Output every line from the beginning of the records through the line that contains "Elegancki, delikatny bukiet", exactly as it appears.

Recorded data:
-*-

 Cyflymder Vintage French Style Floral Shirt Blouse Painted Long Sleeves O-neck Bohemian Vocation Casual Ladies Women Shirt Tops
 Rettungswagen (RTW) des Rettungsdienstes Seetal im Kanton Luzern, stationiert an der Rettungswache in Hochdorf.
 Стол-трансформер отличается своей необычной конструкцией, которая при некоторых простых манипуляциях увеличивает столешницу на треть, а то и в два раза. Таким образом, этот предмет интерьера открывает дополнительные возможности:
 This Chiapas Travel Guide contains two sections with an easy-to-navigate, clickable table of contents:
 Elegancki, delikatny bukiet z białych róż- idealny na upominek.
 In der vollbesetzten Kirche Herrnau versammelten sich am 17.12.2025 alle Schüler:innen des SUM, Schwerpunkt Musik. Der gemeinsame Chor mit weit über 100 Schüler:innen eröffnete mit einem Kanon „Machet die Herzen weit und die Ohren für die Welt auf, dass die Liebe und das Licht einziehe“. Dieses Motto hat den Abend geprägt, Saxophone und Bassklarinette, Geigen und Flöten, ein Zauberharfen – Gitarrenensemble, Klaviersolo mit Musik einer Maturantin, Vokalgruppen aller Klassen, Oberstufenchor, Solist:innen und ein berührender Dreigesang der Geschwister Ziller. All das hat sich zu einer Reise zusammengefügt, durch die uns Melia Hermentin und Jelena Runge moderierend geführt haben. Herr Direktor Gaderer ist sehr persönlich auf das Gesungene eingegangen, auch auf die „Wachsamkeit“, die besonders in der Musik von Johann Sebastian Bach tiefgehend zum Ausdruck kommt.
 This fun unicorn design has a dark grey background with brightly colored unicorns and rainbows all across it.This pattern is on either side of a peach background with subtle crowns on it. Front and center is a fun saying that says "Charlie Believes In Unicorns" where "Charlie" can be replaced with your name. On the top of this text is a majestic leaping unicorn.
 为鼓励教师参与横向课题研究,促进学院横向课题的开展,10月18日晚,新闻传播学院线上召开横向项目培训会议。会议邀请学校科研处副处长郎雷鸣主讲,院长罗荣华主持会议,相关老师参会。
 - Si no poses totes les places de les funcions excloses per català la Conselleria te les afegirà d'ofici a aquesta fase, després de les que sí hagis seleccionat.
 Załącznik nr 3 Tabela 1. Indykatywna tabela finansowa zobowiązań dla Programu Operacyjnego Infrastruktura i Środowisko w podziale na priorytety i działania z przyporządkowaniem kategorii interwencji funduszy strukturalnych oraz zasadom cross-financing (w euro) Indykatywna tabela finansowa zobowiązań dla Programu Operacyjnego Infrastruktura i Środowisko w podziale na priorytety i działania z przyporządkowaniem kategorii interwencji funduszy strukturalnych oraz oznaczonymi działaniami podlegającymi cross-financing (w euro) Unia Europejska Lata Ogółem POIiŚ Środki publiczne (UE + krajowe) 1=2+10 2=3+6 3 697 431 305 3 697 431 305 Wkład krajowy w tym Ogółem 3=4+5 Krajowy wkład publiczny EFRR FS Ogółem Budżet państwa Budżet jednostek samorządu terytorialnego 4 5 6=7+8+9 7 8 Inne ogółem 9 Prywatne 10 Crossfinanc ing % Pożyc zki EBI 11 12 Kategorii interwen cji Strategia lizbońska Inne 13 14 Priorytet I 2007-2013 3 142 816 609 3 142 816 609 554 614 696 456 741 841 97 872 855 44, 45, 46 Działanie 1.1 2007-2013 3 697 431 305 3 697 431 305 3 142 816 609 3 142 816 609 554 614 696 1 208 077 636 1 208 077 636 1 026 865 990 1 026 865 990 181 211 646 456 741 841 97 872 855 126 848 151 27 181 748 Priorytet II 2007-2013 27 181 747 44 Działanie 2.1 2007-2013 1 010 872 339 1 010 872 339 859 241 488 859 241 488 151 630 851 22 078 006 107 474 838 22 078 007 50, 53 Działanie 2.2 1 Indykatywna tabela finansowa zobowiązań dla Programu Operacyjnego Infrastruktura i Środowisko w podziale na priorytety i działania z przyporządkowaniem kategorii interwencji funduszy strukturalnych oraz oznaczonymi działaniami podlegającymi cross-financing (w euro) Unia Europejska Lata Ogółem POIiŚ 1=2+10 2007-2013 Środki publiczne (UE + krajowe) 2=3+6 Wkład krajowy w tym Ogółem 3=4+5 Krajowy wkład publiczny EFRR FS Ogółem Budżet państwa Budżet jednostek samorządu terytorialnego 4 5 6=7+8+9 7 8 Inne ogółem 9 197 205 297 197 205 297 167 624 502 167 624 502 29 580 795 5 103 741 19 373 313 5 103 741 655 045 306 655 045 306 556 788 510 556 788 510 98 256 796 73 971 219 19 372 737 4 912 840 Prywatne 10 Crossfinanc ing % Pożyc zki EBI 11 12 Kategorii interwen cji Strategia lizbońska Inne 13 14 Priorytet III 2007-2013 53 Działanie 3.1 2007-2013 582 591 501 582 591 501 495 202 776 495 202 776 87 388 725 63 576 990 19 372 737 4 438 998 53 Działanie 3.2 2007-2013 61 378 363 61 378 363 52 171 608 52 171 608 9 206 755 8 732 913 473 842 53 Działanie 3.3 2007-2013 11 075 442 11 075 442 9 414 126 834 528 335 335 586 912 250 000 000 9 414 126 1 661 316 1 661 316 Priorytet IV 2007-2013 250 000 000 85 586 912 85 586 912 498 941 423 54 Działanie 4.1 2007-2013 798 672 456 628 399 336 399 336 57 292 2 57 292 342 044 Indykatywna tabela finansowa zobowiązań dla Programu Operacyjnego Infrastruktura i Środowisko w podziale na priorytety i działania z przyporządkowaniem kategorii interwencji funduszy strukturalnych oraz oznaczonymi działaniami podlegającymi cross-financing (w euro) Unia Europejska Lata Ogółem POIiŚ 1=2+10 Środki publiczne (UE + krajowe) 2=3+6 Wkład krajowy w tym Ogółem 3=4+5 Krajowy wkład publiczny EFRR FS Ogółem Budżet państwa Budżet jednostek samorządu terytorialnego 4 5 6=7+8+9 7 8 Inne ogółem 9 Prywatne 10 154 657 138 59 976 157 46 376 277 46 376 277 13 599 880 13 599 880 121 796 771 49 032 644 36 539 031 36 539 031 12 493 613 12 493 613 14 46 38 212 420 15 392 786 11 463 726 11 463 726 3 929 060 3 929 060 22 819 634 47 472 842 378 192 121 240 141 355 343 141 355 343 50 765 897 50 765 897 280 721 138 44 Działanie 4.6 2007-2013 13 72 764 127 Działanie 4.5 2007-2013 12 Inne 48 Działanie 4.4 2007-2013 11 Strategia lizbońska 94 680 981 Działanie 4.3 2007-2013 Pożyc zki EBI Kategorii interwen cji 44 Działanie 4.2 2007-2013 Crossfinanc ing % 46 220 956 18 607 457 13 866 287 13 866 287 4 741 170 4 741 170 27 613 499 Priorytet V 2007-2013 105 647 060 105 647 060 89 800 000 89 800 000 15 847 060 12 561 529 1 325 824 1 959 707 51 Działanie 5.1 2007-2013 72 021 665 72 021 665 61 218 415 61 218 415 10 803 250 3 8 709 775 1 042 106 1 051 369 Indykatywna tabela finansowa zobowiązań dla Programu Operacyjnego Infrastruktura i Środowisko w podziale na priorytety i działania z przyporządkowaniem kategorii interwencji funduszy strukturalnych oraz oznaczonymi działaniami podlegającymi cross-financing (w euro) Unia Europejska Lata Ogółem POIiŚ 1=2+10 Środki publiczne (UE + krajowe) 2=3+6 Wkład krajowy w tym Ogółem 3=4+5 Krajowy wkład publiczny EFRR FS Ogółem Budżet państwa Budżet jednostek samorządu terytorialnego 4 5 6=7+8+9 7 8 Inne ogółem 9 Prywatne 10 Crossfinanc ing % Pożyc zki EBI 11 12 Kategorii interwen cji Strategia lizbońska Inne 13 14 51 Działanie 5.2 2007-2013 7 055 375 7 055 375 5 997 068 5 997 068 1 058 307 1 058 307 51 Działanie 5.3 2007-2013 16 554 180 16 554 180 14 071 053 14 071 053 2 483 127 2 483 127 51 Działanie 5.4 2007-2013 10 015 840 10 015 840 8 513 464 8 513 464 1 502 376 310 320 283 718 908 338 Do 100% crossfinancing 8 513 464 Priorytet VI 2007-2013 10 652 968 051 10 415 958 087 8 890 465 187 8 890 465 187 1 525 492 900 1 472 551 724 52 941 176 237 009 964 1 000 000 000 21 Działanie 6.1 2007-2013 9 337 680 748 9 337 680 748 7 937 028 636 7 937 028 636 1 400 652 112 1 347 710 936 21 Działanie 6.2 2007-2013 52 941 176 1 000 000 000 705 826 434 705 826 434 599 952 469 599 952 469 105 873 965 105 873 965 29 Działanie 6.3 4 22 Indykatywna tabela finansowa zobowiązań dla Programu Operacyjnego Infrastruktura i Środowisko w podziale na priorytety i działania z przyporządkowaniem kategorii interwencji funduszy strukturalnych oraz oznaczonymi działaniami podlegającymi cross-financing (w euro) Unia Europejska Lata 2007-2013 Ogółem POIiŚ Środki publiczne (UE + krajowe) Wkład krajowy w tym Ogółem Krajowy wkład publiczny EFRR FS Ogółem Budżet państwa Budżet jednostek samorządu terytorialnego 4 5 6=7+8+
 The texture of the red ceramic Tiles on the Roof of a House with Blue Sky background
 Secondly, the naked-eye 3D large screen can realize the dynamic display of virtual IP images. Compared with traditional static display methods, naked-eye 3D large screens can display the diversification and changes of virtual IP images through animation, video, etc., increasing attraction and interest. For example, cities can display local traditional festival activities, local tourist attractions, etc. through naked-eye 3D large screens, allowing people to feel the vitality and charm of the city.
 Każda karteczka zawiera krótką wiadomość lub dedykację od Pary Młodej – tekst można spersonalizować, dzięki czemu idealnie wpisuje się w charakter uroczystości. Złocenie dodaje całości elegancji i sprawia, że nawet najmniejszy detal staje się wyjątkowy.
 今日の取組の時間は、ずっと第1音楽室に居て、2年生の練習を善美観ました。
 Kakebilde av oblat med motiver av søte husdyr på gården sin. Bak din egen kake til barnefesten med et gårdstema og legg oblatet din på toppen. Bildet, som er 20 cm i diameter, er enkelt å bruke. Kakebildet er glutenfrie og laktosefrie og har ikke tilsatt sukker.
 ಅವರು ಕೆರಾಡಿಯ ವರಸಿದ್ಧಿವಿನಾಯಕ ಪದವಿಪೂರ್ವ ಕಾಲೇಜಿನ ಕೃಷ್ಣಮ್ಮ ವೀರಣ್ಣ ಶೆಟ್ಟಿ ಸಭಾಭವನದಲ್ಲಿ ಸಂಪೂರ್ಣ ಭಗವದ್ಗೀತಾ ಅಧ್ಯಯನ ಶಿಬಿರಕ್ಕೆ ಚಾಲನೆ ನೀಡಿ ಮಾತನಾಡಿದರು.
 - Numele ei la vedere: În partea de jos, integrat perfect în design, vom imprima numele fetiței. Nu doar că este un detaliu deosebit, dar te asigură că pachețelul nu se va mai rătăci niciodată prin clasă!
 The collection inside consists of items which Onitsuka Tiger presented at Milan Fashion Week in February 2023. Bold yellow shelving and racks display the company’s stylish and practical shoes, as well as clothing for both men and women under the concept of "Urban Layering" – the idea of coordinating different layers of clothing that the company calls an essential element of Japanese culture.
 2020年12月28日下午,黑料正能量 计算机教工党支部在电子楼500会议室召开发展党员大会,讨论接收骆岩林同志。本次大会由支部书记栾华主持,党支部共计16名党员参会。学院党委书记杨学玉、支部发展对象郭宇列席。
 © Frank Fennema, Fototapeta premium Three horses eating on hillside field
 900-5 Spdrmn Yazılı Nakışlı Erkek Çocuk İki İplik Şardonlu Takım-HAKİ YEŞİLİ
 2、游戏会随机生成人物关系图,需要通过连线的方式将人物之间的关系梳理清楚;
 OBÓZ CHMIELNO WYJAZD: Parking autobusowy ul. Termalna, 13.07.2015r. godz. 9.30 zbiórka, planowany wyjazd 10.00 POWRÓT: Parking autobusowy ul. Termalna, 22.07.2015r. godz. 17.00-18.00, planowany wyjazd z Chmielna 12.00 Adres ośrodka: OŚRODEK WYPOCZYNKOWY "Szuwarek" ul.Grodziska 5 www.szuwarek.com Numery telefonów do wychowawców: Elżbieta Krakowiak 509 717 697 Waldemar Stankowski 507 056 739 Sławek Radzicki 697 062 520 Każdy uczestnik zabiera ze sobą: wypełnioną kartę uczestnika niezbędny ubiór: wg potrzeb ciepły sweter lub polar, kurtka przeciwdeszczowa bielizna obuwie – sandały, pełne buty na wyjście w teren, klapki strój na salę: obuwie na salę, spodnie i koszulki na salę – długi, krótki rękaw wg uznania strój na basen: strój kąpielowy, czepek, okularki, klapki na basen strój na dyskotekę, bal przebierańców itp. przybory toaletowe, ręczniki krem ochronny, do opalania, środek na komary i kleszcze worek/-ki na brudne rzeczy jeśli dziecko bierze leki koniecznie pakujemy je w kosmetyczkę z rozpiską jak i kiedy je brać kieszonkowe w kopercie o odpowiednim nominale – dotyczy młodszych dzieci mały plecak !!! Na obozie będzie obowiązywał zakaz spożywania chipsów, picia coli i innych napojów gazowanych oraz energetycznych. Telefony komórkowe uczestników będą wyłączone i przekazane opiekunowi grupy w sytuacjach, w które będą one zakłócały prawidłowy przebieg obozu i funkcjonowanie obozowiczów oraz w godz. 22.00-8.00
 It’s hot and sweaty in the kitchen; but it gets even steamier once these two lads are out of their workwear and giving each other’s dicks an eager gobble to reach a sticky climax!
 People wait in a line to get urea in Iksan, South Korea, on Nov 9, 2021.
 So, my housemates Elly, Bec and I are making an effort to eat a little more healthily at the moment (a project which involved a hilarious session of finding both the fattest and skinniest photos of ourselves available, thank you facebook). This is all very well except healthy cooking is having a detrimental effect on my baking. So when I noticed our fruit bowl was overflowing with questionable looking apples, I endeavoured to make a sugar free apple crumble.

-*-

*Task solution:*
 Cyflymder Vintage French Style Floral Shirt Blouse Painted Long Sleeves O-neck Bohemian Vocation Casual Ladies Women Shirt Tops
 Rettungswagen (RTW) des Rettungsdienstes Seetal im Kanton Luzern, stationiert an der Rettungswache in Hochdorf.
 Стол-трансформер отличается своей необычной конструкцией, которая при некоторых простых манипуляциях увеличивает столешницу на треть, а то и в два раза. Таким образом, этот предмет интерьера открывает дополнительные возможности:
 This Chiapas Travel Guide contains two sections with an easy-to-navigate, clickable table of contents:
 Elegancki, delikatny bukiet z białych róż- idealny na upominek.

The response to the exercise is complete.